帝者、本を読む
これでもかという程に並べられた本は手の届かない場所へも及び、高すぎる本棚が唯一の窓からの日差しを遮っていた。
薄暗い図書館に話し声は聞こえず、エリルも俺も黙々と本を読んでいた。
かれこれ二十分の沈黙が続いたのだがエリルが急に口を開いた。
「リュウヤさん、何の本を読んでるんですか?」
口元に手を当てて小声で言った。そのせいか顔が近く、自分でやっていて照れているようにも見えた。
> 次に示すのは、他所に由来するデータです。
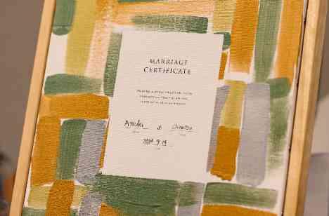 新郎新婦の結婚を証明するためにご準備いただいている結婚証明書。こちらのおふたりが結婚証明書に選んだのは「ウェディングキャンバス」!ゲスト全員にキャンバスに一筆ずつ色を入れていただき、挙式の際におふたりが署名をして披露!インテリアにもなるおしゃれなデザインで、世界にひとつだけの結婚証明書が完成しました♡
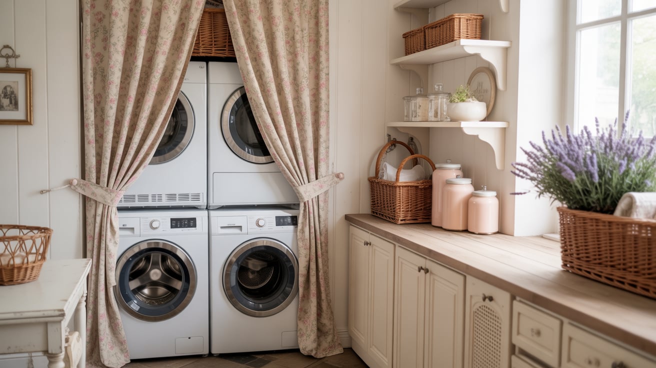 While staying in Provence, I saw a beautiful home where the laundry was hidden behind floral curtains next to the pantry — so chic yet simple.

「なんだか難しそうな本を読んでますね。えっと、魔導書……ですか?」
「ああ、そうだ。今度エイミーとレイミーを魔導書から切り離そうと思ってな」
「魔導書から切り離すって……また人並み外れたことを……」
本から目を離さずに答えると、エリルは驚きを通り越して呆れていた。
彼女は一秒程度の短い時間で捲られていくページじっと見つめる。
「読むの、早いですね……」
「そうか? 俺は普通だと思うが」
「それで本当に頭に入ってくるのか、少し疑問です」
高速で読み進められていく本に目が疲れたのか、目をこすりながらエリルは言った。
たしかに彼女の言うことはもっともだ。世の中にこの速度で本を読む者なんて数人いるかいないかだろう。いや、たぶんいない。
だが俺の場合は違うのだ。
我が最高の特性、情報と解析の魔法による視覚情報の直接保存によって全体を写真データとして保存して、後から魔力で高速解析をかけるという高度な技術でこの神業を可能としているのである。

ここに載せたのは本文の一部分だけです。